Magnetic nanoparticle assemblies are also generated on silicon surface functionalized with N-(trimethoxysilylpropyl)ethylenediamine triacetic acid trisodium salt (TETA). Monolayer formation is achieved through silane coupling chemistry which lead to surfaces with carboxylic acid functional groups capable of entrapping Fe(II) and Fe(III) ions simultaneously from solution by electrostatic interaction.
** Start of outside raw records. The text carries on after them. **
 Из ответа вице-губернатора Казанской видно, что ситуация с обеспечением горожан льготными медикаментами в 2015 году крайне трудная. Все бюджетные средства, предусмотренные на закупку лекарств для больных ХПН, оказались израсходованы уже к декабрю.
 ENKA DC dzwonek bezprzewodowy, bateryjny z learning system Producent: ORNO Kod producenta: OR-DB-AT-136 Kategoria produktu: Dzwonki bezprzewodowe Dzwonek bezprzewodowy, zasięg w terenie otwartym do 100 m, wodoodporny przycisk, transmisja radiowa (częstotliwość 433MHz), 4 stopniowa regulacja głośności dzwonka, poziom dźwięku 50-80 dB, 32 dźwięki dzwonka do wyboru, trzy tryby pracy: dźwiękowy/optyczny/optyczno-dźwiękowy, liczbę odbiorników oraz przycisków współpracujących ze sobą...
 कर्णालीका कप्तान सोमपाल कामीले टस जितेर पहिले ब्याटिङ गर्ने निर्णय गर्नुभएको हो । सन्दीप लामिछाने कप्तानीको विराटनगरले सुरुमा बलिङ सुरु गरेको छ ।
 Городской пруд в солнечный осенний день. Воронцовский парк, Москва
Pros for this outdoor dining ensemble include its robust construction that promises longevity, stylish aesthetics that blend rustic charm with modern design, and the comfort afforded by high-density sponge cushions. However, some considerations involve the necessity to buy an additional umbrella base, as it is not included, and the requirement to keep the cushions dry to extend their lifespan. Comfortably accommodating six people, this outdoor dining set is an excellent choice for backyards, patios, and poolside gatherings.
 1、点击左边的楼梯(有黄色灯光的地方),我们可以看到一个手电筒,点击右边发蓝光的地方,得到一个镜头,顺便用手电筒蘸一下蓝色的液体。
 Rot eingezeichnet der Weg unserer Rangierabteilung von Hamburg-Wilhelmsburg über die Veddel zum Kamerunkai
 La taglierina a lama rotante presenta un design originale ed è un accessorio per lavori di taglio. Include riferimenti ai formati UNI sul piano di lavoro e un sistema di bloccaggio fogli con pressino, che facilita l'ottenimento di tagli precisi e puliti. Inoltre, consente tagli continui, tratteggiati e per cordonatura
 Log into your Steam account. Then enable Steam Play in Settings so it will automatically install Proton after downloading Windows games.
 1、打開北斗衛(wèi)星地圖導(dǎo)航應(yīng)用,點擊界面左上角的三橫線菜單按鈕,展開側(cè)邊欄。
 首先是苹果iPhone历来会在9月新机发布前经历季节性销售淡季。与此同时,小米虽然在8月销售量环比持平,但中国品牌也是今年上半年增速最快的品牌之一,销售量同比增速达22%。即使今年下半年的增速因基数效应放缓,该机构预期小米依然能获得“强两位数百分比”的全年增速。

Functionalized surfaces are first immersed in mixed dilute solution of FeSO₄ (1.9 x 10^-5 M) and Fe₂(SO₄)₃ (2.1 x 10^-5 M)  so that Fe(II) and Fe(III) could adsorb simultaneously on the surface through attractive electrostatic interaction and subsequently air oxidation of surface bound species generated the magnetic nanoparticle in situ. In situ generation of magnetic nanoparticles can lead to the formation of mixture of different iron oxides namely hematite (a-Fe₂O₃), goethite (a-FeOOH) and magnetite (Fe₃O₄). XPS is used to evaluate the oxidation states of iron present in the structure and preliminary results suggest the formation of predominantly a-FeOOH.

The proposed research is continuing to provide opportunity for undergraduates to participate in research in the exciting multidisciplinary area of nanotechnology. Outcome of this project resulted in a number of poster and oral presentations by the PI and undergraduate students at the American Chemical Society (ACS) National Meetings, American Chemical Society Colloid and Surface Science (ACS CSS) Symposiums and the Annual Argonne Symposium for Undergraduates in Science, Engineering and Mathematics at the Argonne National Laboratory. In addition, three undergraduate students are co-authors on our two recent publications from this project in Colloids and Surfaces A: Physicochemical and Engineering Aspects (2009) and Nanoscale Research Letters (2009).